At step S150, a text robot model is trained with the original intent, the seed corpus, and the expanded revised intent.
More specifically, after correction, clicking a training button, and training a text robot model through the original intention, the seed corpus and the expanded corrected intention.
Next, the process goes to step S160.
At step S160, verifying whether the text robot model meets expectations; when the text robot model does not accord with the expectation, training the text robot model again by performing expanded writing on single intention or adjusting or expanding writing on single corpus until the text robot model accords with the expectation.
More specifically, after training is completed, whether the robot model meets expectations or not is verified through the debugging interface, namely, some questions are input randomly, whether the robot model can successfully recognize intention information contained in the user input questions and reply corresponding answers is tested, and for the intention which does not meet expectations, adjustment or expansion is performed through expansion of single intention or single corpus, and then step S120 is repeated.
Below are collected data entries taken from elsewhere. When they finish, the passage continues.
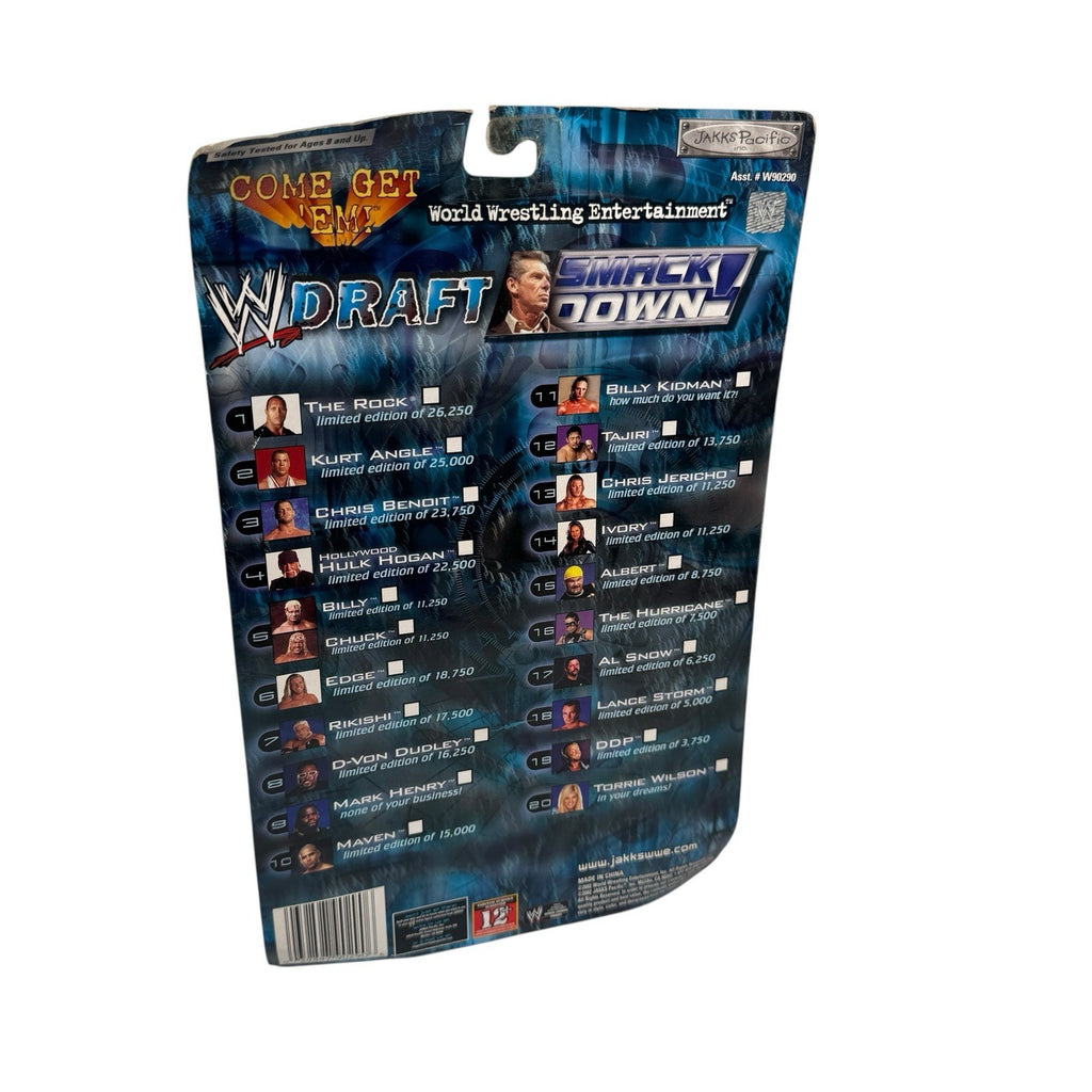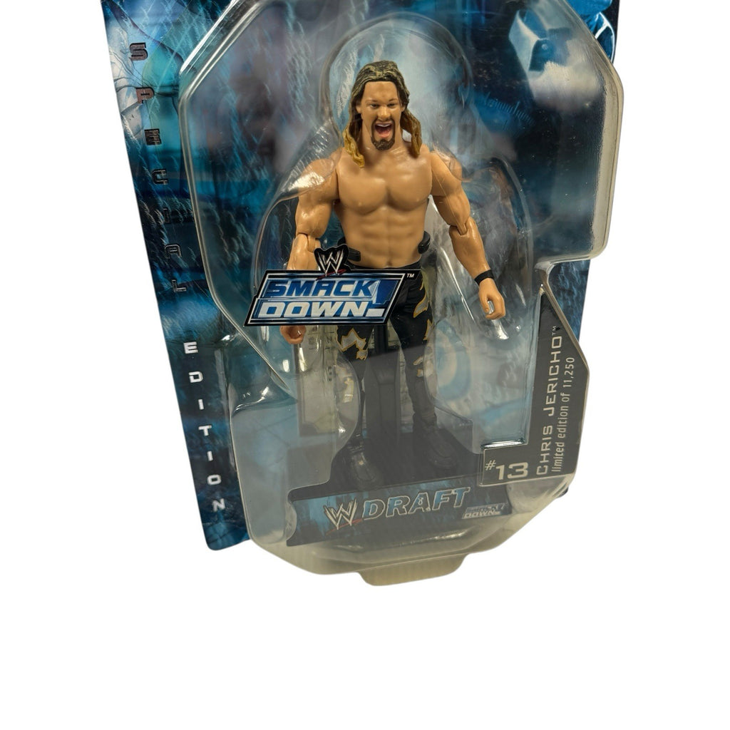 For sale is a brand new Chris Jericho WWE Jakks Pacific action figure, part of the Smackdown #13 series. This highly collectible item was manufactured in 2002 and features the legendary wrestler in his iconic attire from his time in WWE. The figure is perfect for fans of wrestling and action figures alike, and is a must-have for any serious collector.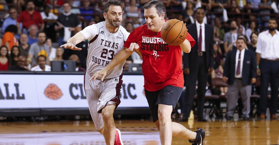 But back to Cruz’s Game Seven tweet. Kimmel started in on him again, joking on TV that the Rockets lost the series because he was at the game. Then he played the “basketball ring” footage for good measure. It stung. Cruz had had enough. On Twitter, he challenged Kimmel to a game of one-on-one, a chance to finally punch back at a liberal gadfly who’d been skewering him for years. “My wife’s got the lights off, telling me to come to bed,” Cruz says. “I tell her I can’t. I’m in the middle of a Twitter war with Jimmy Kimmel!”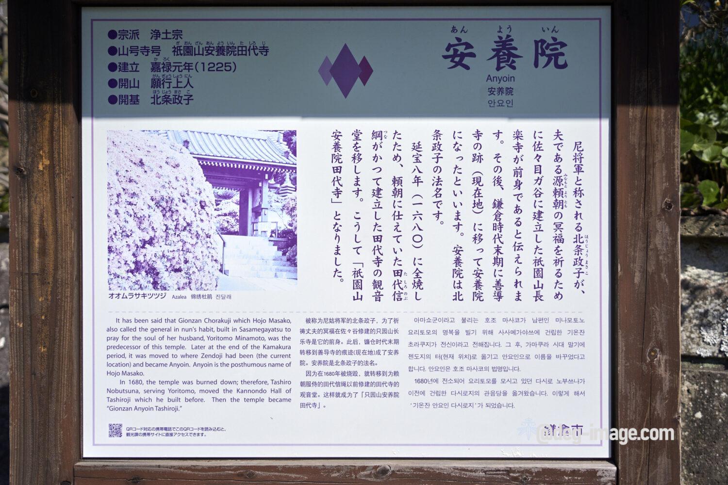 安養院は北条政子の法名にちなむ浄土宗の寺です。4月終わりから5月はじめにかけて境内はツツジの色に染まり、ツツジ寺と呼ばれています。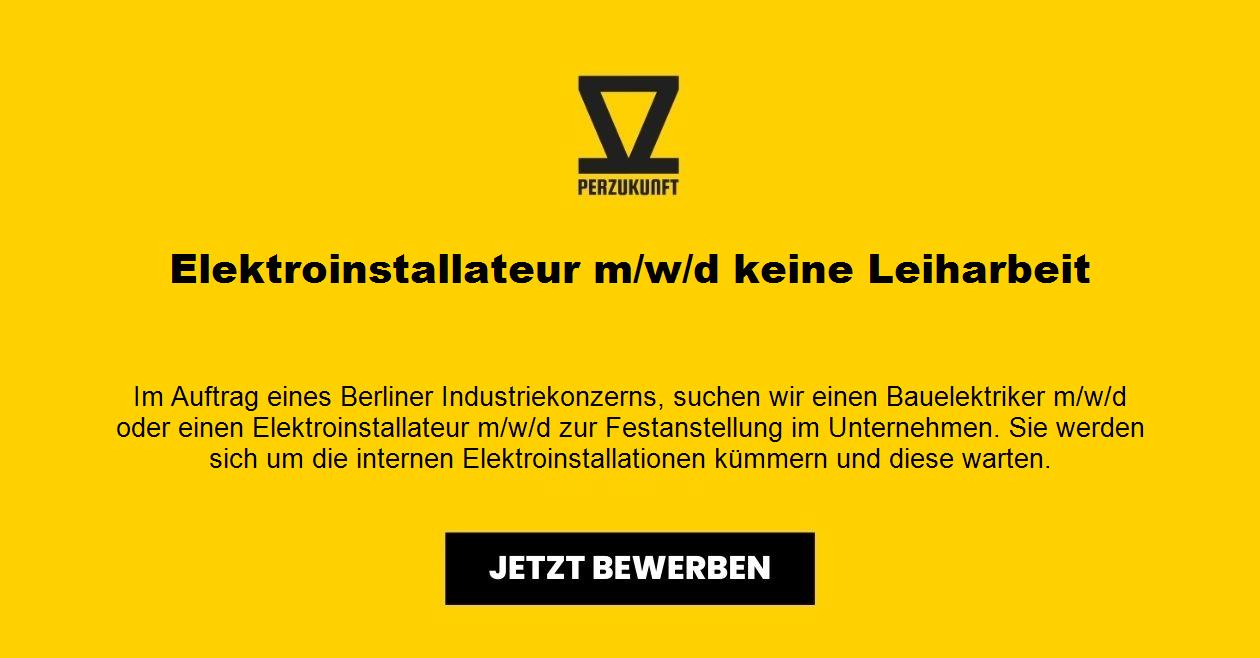 Im Auftrag eines Berliner Industriekonzerns, suchen wir einen Bauelektriker m/w/d oder einen Elektroinstallateur m/w/d zur Festanstellung im Unternehmen. Sie werden sich um die internen Elektroinstallationen kümmern und diese warten.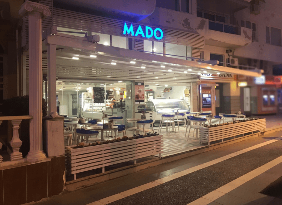 • Askılı Sistem ile Kesintisiz Sahil Ferahlığı: Mado’nun cephesinde yaya trafiğini engellememek ve zeminde ayak kalabalığı yaratmamak için özel askılı sistem kullanılmıştır; bu sayede mekanın önü tamamen açık kalarak Marmaris’in o ferah sahil havası içeriye kesintisiz davet edilmiştir.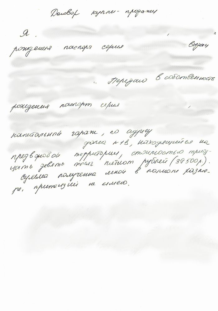 Гараж покупался по расписке у девушки, с указанием моих и её фио и паспортных данных и суммы продажи.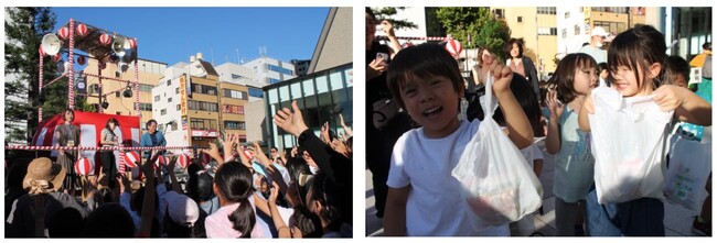 やぐらから会場に集まった子どもたちへのプレゼントとして株式会社JMの大竹社長より、お菓子まきがおこなわれました。袋に入ったたくさんのお菓子を手にした子どもたちからは満面の笑みが見られました。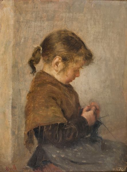 Silvestro Lega painted this intimate oil on cardboard sketch of a seated woman, sometime in the late 19th century. The rough strokes of paint are laid directly onto the support, a humble material compared to canvas, evoking a sense of immediacy. The subdued palette is typical of Lega, emphasizing earthy tones that suggest the rural setting and the woman's connection to the land. The application of paint reveals a directness, the artist's hand clearly evident in the varying textures. While seemingly simple, the work hints at the social context of the time. Lega often depicted scenes of everyday life, celebrating the dignity of ordinary people. This woman, perhaps a laborer or a peasant, is shown at rest, her posture conveying both weariness and resilience. By choosing such a subject and employing a raw, unpretentious style, Lega elevated the common experience to the realm of art, blurring the lines between high art and the realities of working-class life. It invites us to consider the value of labor, the beauty in simplicity, and the artistic merit found in the everyday.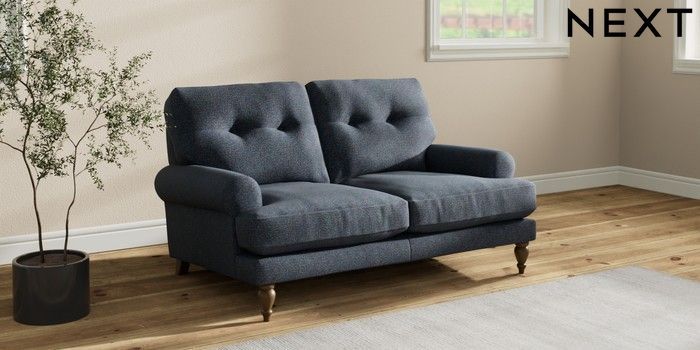 7.2.10 Erin Buttoned Back Deep Relaxed Sit 2 Seater Small Sofa Tweedy Chenille Navy Blue High Classic Turned - Mid | Made Click here to use our website with more accessibility support, for example screen readers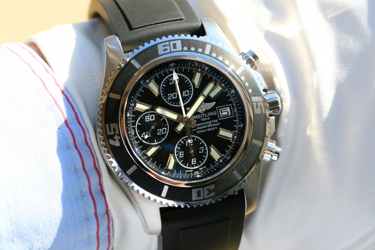 < < < [хронограф] BREITLING SUPEROCEAN II * черный цифер * каучук с клипсой > > >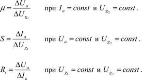 Крутизна и внутреннее сопротивление являются функциями от анодного напряжения и температуры катода. Если температура катода постоянна, то в пределах участка «трех вторых» крутизна равна первой производной от функции «трех-вторых». 5) Триод — трехэлектродный прибор, состоящий из катода, анода и управляющей сетки, является простейшей усилительной лампой. Устройства: Трех электродная электронная лампа — триод отличается от диода наличием третьего электрода — управляющей сетки. Назначение сетки В большинстве современных ламп этот элёктрод выполняется в виде проволочной спирали из вольфрама, никеля, молибдена или их сплавов. Сетка располагается вблизи катода (рис. 14-1) в пространстве между анодом и катодом. Витки сетки укрепляются при помощи держателей. Катоды, так же как у диодов, применяются прямого накала, или подогревные. Устройство триодов и их условные обозначения на схемах даны на рис. 14-2. Свойство сетки управлять анодным током триода позволило применить их для создания электронных усилителей, электронных генераторов, реле и т. д. Параметрами триода называются постоянные величины, устанавливающие связь между изменением анодного тока и изменениями напряжения на аноде и на сетке, т. е. величины, характеризующие основные свойства лампы. Основными параметрами триода являются: крутизна характеристики S, внутреннее сопротивление при переменном токе Крутизной анодно-сеточной характеристики триода или просто крутизной называется отношение приращения анодного тока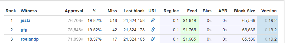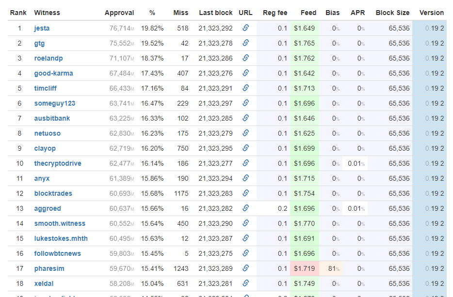 Quick picture-less concise explanations below cover the major topics of witnesses. I am resharing the table from https://steemd.com/witnesses so you can refer to it with these explanations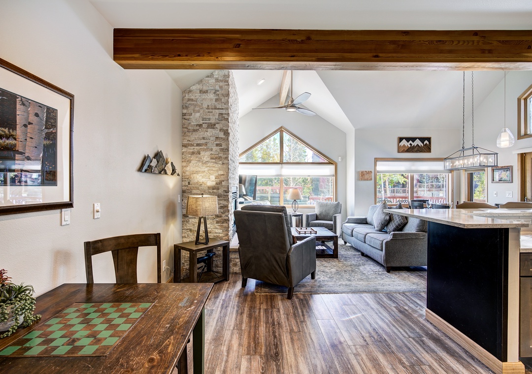 This multi-level townhome has undergone a recent remodel (January 2022) and has been completely refurnished (July 2023). Tall Pines 97 is an absolute must for your ski vacation or Breckenridge retreat. Boasting 3 bedrooms, a den and three and a half bathrooms, it is equipped with every amenity you could desire. The living room, adorned with brand new furnishings, revolves around an immense gas fireplace, creating a cozy and inviting atmosphere. A full entertainment center features a 55-inch flat screen TV, allowing you to enjoy your choice of programming. Alternatively, curl up with a cup of cocoa on the plush recliner couch and bask in the warmth of the fireplace while relishing in the captivating views of the ski slopes from the expansive windows encompassing the main living and dining area. In both winter and summer, soak up the mountain sunshine on the sweeping south-facing deck.

In an embodiment of the present invention, the method further includes:
the text robot model meeting the expectations is released and put on line;
screening user question questions which cannot be identified by the text robot model, and performing cluster analysis on the user question questions through a hierarchical clustering function to obtain a cluster analysis result;
providing suggestions according to the clustering analysis result; the suggestion includes creating a new intent based on the cluster analysis result or adding the cluster analysis result to a corpus of existing intents;
each time the intention is created or modified, question data in all intents is identified and corrected.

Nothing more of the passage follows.